Der Kauf der traditionsreichen „Washington Post“ durch den milliardenschweren Amazon-Gründer Jeff Bezos hat die Verkarstung der Meinungslandschaft noch verstärkt: Bezos wird die Print-Ausgabe der Zeitung gleich mal einstellen und nur noch online Inhalte anbieten, scheinen alle zu wissen. Schließlich hat er mal in einem Interview bekannt, keine gedruckten Tageszeitungen zu lesen. Touché, das wirkt natürlich einleuchtend.

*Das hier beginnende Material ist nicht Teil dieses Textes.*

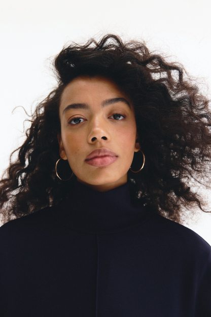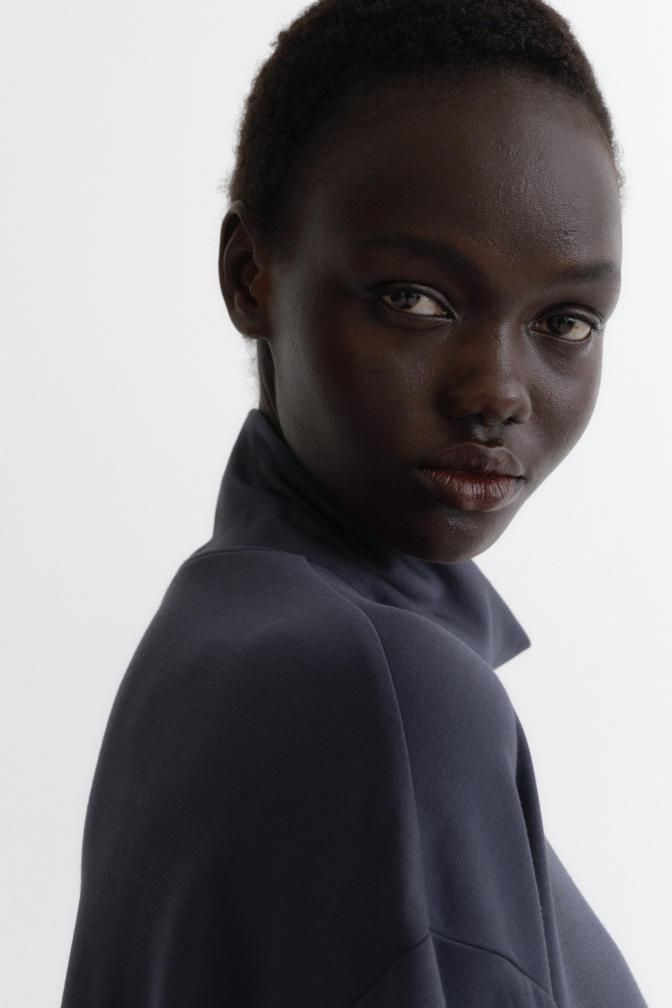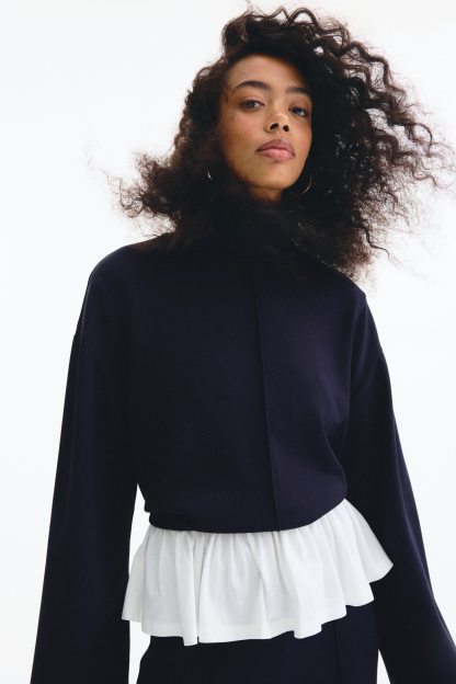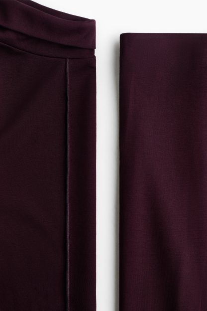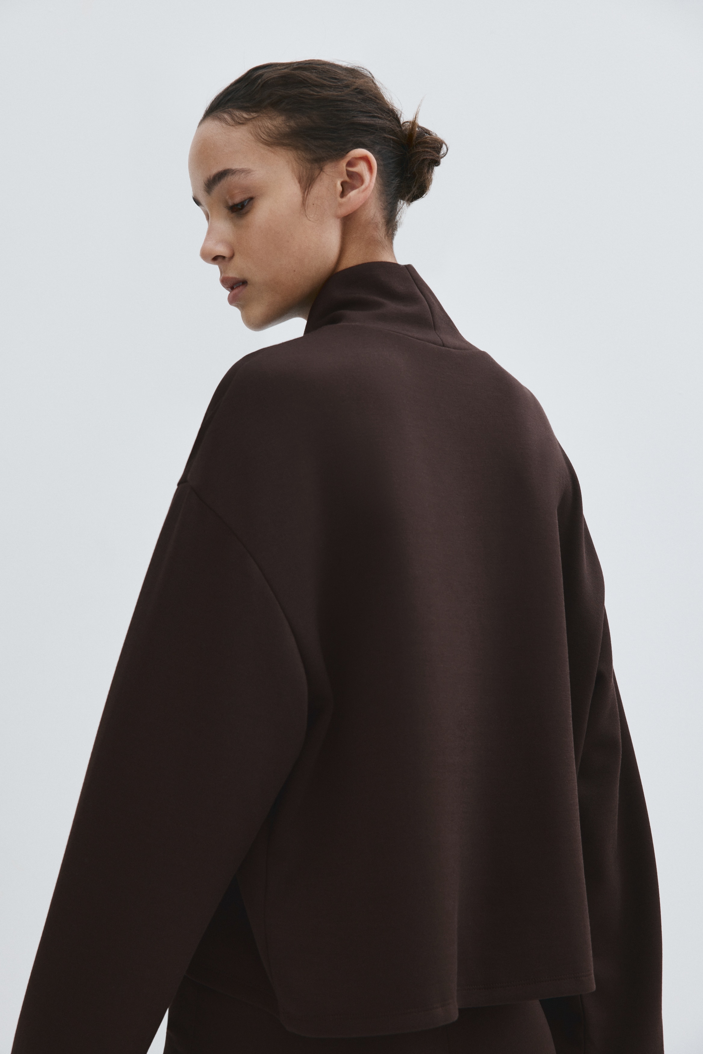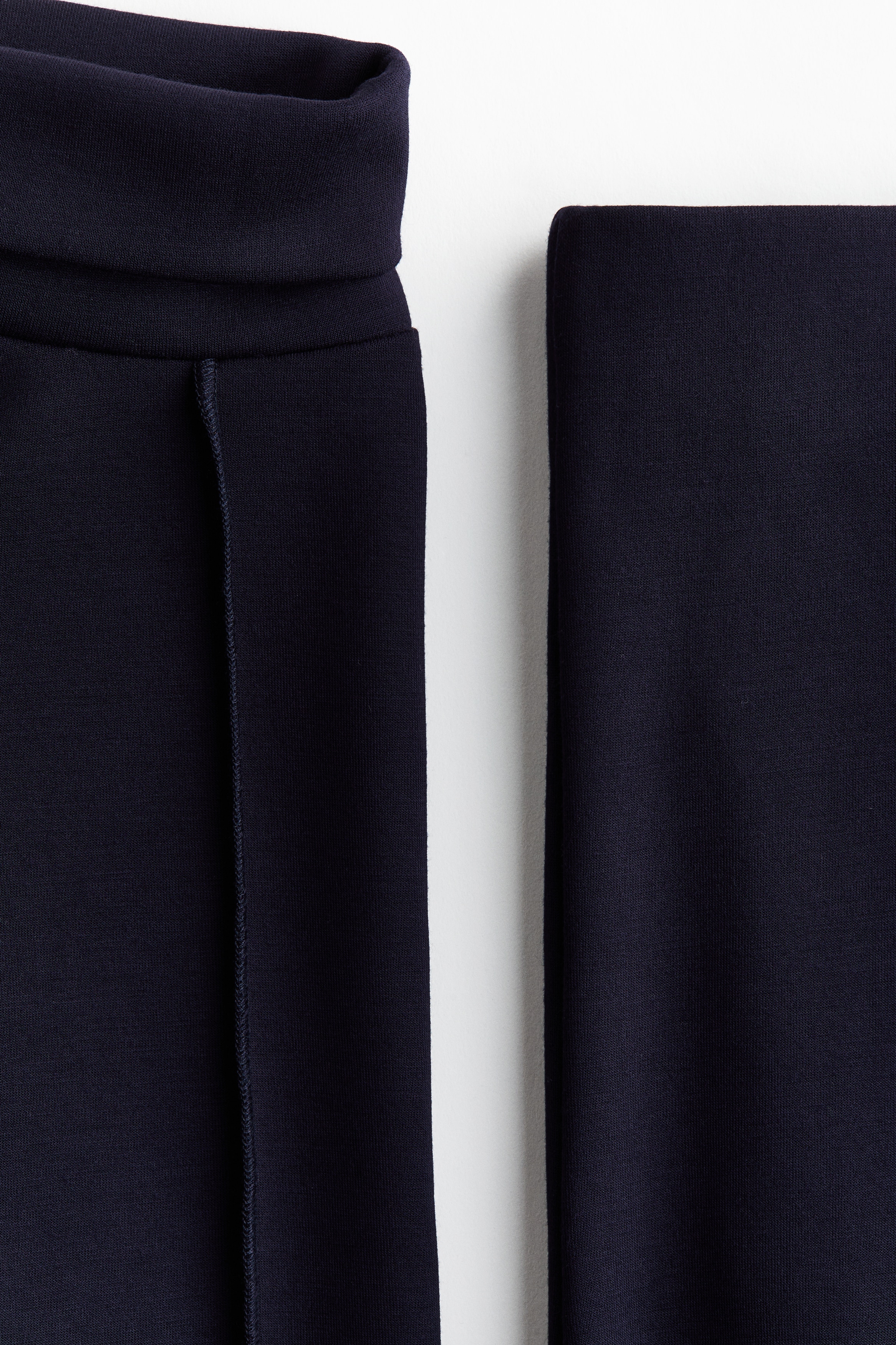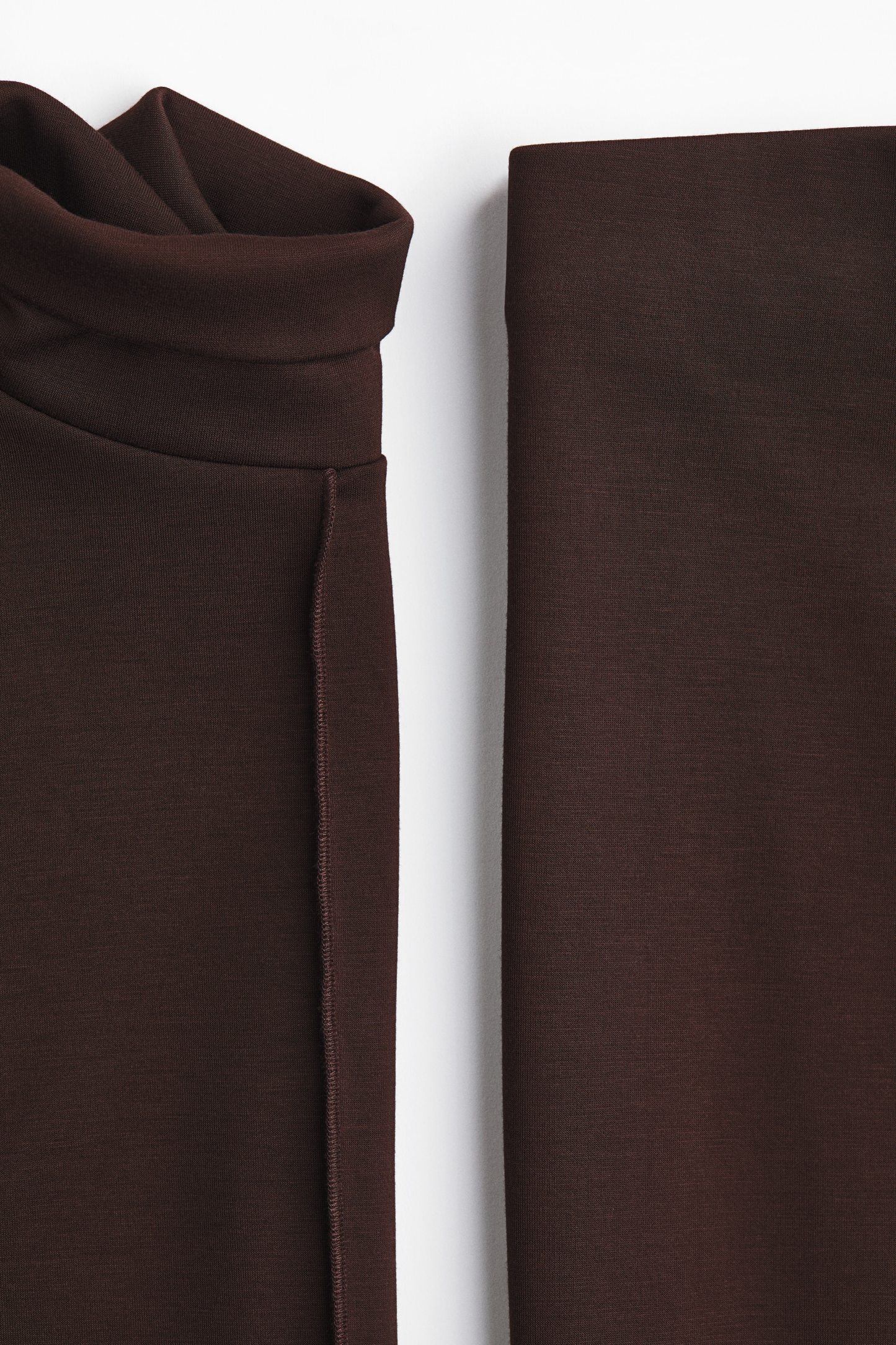 Set with a top and pair of trousers in heavy jersey. Top with a double-layered turtle neck, exposed seam down the front, dropped shoulders and long sleeves. Trousers with an elasticated waist and straight legs with sewn-in creases down the front.

Aber Verleger wissen auch um die Kraft der Marke – und diese Marke wird vor allem über die Printausgaben stets neu aufgeladen. So ist es bei fast allen Medien und es gilt umso mehr bei jenen Online-Inhalten, für die User zahlen sollen. Print schafft erst jenes Vertrauen, für das Menschen dann vielleicht auch online Geld auszugeben bereit sind. Mal überspitzt formuliert: Paywalls, Paid Content, in welcher Form auch immer, brauchen Print. Und dafür gibt es nur wenige Ausnahmen. Wer weiter darauf baut, auch für Inhalte bezahlt zu werden und nicht ausschließlich für Werbeflächen, der wird ohne das Gespann Print-Online nicht sehr weit kommen.
Natürlich wird sich die gedruckte Zeitung verändern müssen, natürlich werden manche auch untergehen. Doch wer meint, einfach nur den Medienkanal wechseln, sich des bedruckten Papiers entledigen zu müssen, der hat einfach nicht begriffen, dass jede Reproduktionsform – ob gedruckt oder online – eben andere Inhalte und Darstellungsformen braucht. Und dass es für diese Inhalte und Darstellungsformen auch weiterhin Bedarf gibt.